_Record extracts_
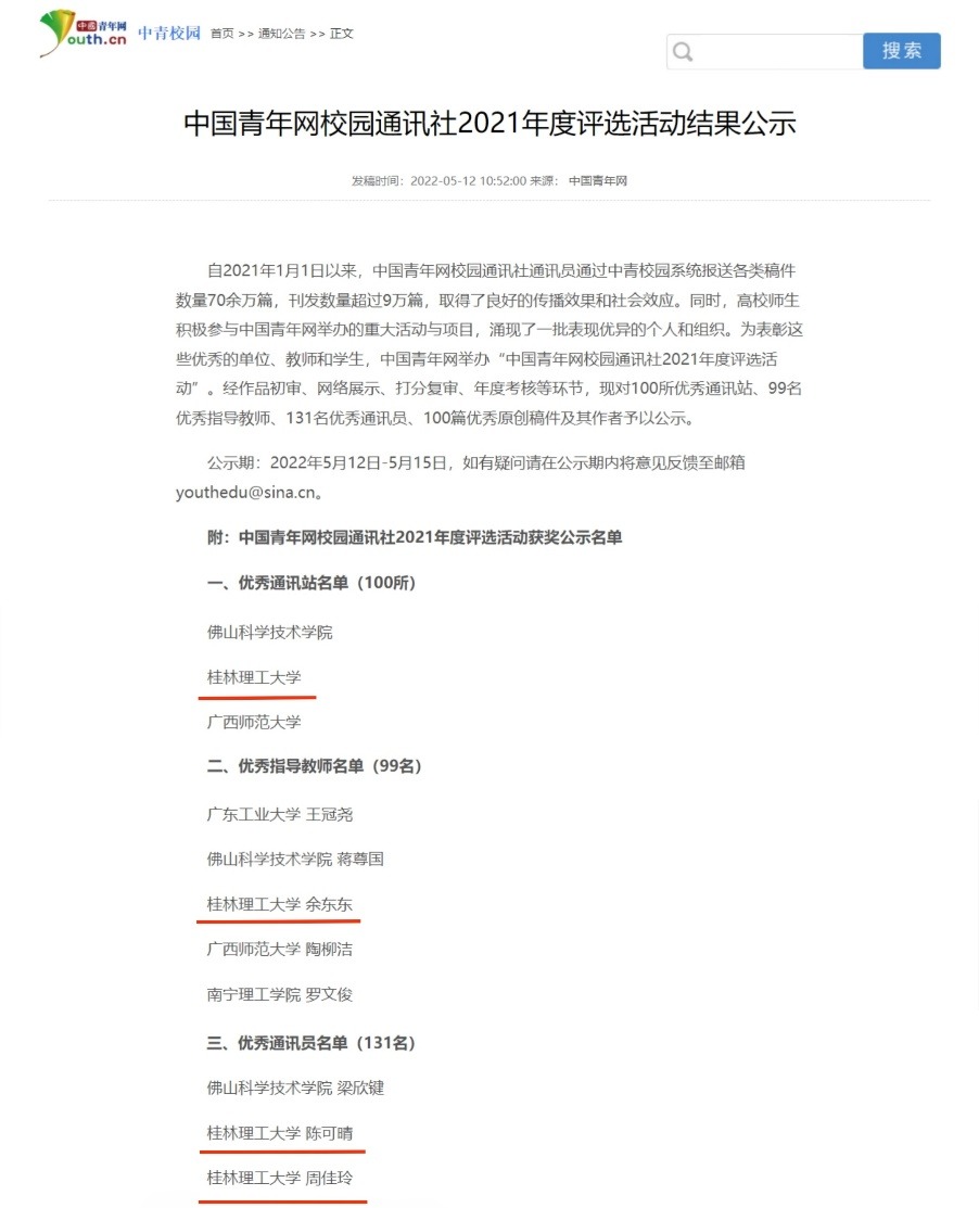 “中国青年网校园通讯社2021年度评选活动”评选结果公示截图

...

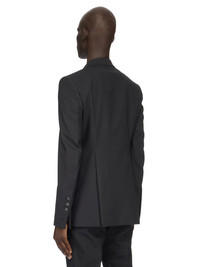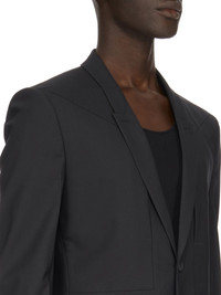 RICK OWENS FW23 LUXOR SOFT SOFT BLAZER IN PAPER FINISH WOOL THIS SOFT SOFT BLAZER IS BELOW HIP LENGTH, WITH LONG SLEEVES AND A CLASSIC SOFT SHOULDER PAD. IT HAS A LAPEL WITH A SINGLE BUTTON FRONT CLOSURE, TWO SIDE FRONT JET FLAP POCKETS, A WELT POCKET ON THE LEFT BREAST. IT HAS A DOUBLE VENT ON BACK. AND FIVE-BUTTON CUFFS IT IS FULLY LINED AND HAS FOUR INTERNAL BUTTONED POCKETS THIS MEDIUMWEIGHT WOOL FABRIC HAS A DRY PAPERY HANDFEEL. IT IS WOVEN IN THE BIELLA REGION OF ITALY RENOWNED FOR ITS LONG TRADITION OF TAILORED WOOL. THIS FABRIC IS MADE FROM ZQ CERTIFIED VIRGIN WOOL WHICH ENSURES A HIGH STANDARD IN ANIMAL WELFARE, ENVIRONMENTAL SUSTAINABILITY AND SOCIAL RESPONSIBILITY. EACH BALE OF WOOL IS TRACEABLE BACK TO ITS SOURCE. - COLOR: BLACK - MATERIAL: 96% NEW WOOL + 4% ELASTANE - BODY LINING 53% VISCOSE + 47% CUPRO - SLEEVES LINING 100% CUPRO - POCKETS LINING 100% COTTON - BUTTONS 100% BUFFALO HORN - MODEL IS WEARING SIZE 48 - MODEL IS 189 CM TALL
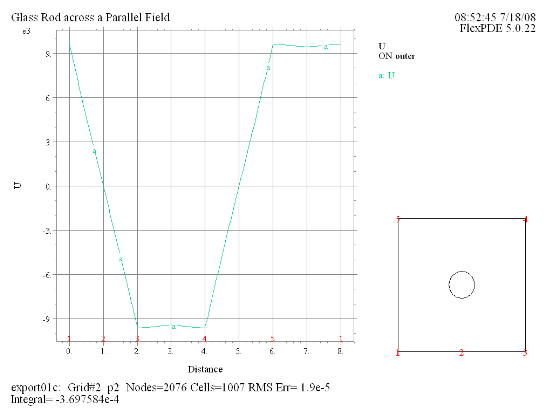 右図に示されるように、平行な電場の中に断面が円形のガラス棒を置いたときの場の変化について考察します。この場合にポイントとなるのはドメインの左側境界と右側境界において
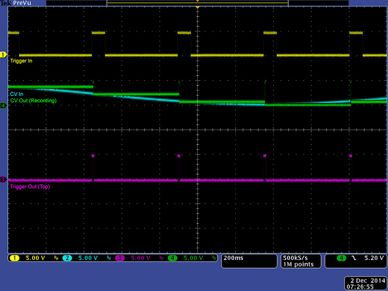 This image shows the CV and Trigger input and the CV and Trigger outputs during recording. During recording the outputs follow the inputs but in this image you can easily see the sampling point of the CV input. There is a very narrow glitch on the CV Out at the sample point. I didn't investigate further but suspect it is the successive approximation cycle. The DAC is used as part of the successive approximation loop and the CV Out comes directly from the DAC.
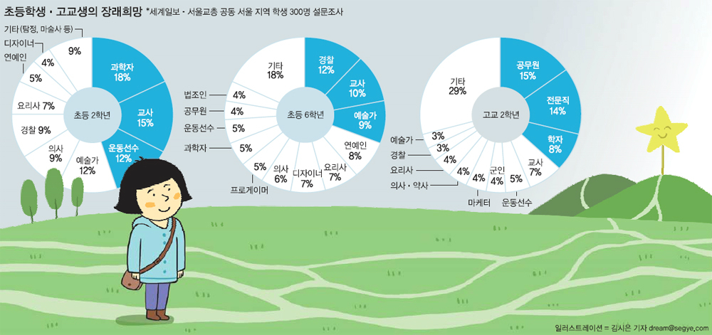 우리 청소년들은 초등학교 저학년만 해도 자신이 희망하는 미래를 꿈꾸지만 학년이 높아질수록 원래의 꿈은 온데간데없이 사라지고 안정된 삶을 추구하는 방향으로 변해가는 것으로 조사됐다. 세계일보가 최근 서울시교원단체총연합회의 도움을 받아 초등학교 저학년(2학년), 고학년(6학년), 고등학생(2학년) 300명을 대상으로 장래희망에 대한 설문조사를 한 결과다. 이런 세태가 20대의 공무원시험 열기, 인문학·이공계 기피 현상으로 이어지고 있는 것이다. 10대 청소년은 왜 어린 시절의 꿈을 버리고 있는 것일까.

_Task objective_
The response must repeat exactly the lines above from the one with "This image shows" through the one with "우리 청소년들은 초등학교", including both, and must contain no pictures and no other text.

_Written solution_
 This image shows the CV and Trigger input and the CV and Trigger outputs during recording. During recording the outputs follow the inputs but in this image you can easily see the sampling point of the CV input. There is a very narrow glitch on the CV Out at the sample point. I didn't investigate further but suspect it is the successive approximation cycle. The DAC is used as part of the successive approximation loop and the CV Out comes directly from the DAC.
 우리 청소년들은 초등학교 저학년만 해도 자신이 희망하는 미래를 꿈꾸지만 학년이 높아질수록 원래의 꿈은 온데간데없이 사라지고 안정된 삶을 추구하는 방향으로 변해가는 것으로 조사됐다. 세계일보가 최근 서울시교원단체총연합회의 도움을 받아 초등학교 저학년(2학년), 고학년(6학년), 고등학생(2학년) 300명을 대상으로 장래희망에 대한 설문조사를 한 결과다. 이런 세태가 20대의 공무원시험 열기, 인문학·이공계 기피 현상으로 이어지고 있는 것이다. 10대 청소년은 왜 어린 시절의 꿈을 버리고 있는 것일까.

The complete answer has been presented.